*** EXERCISE DATA ***
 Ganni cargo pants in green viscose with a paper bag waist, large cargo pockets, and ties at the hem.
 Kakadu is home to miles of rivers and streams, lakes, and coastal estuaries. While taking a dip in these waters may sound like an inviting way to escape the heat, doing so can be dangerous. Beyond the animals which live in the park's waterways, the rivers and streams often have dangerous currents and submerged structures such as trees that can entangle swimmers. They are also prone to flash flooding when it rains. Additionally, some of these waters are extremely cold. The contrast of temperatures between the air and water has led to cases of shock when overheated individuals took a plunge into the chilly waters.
*** End of EXERCISE DATA ***
*** EXERCISE DATA ***
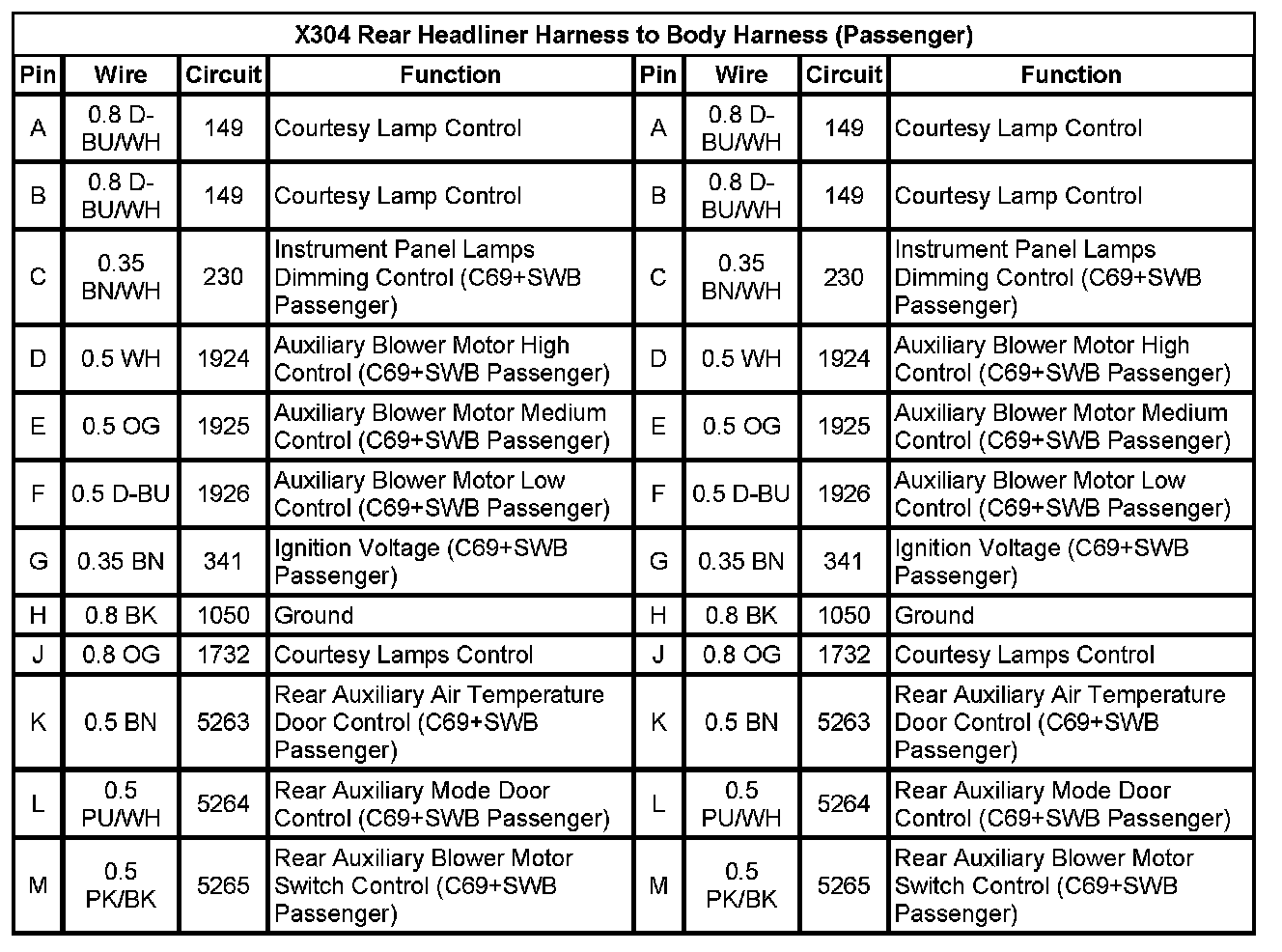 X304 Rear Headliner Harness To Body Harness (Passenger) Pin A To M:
*** End of EXERCISE DATA ***
*** EXERCISE DATA ***
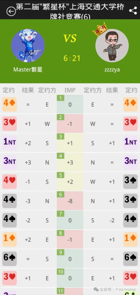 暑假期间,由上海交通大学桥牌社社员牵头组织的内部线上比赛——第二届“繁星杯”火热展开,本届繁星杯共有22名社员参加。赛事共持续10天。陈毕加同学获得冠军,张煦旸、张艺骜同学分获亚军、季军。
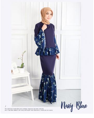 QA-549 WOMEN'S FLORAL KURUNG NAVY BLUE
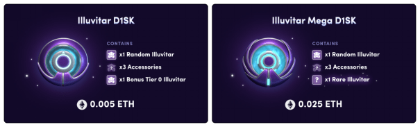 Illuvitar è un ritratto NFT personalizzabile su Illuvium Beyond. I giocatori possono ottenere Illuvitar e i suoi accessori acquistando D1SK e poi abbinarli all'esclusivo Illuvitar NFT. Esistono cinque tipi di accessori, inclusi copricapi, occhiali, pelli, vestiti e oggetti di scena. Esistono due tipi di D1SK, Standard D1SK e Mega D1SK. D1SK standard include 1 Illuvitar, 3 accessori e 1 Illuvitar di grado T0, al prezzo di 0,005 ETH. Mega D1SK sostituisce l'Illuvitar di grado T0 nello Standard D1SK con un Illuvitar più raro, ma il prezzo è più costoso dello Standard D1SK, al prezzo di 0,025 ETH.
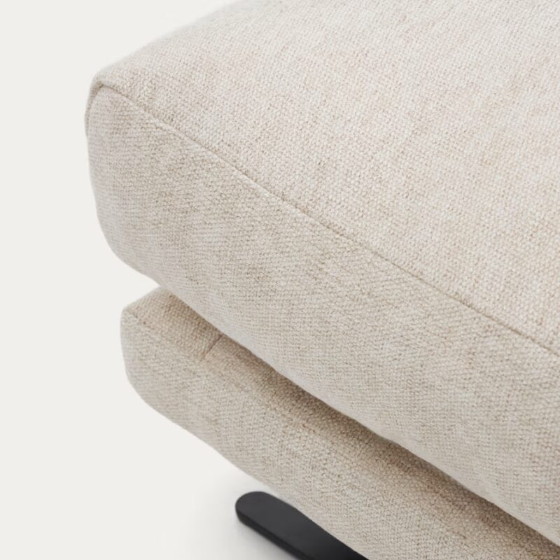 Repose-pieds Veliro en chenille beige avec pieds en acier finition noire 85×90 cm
*** End of EXERCISE DATA ***
• **EXERCISE DETAILS**
From the records above, transcribe only the stretch from the line with "Illuvitar è un" through the line with "Repose-pieds Veliro en", keeping both ends. Omit pictures.

• **SOLUTION TO THIS TASK**
 Illuvitar è un ritratto NFT personalizzabile su Illuvium Beyond. I giocatori possono ottenere Illuvitar e i suoi accessori acquistando D1SK e poi abbinarli all'esclusivo Illuvitar NFT. Esistono cinque tipi di accessori, inclusi copricapi, occhiali, pelli, vestiti e oggetti di scena. Esistono due tipi di D1SK, Standard D1SK e Mega D1SK. D1SK standard include 1 Illuvitar, 3 accessori e 1 Illuvitar di grado T0, al prezzo di 0,005 ETH. Mega D1SK sostituisce l'Illuvitar di grado T0 nello Standard D1SK con un Illuvitar più raro, ma il prezzo è più costoso dello Standard D1SK, al prezzo di 0,025 ETH.
 Repose-pieds Veliro en chenille beige avec pieds en acier finition noire 85×90 cm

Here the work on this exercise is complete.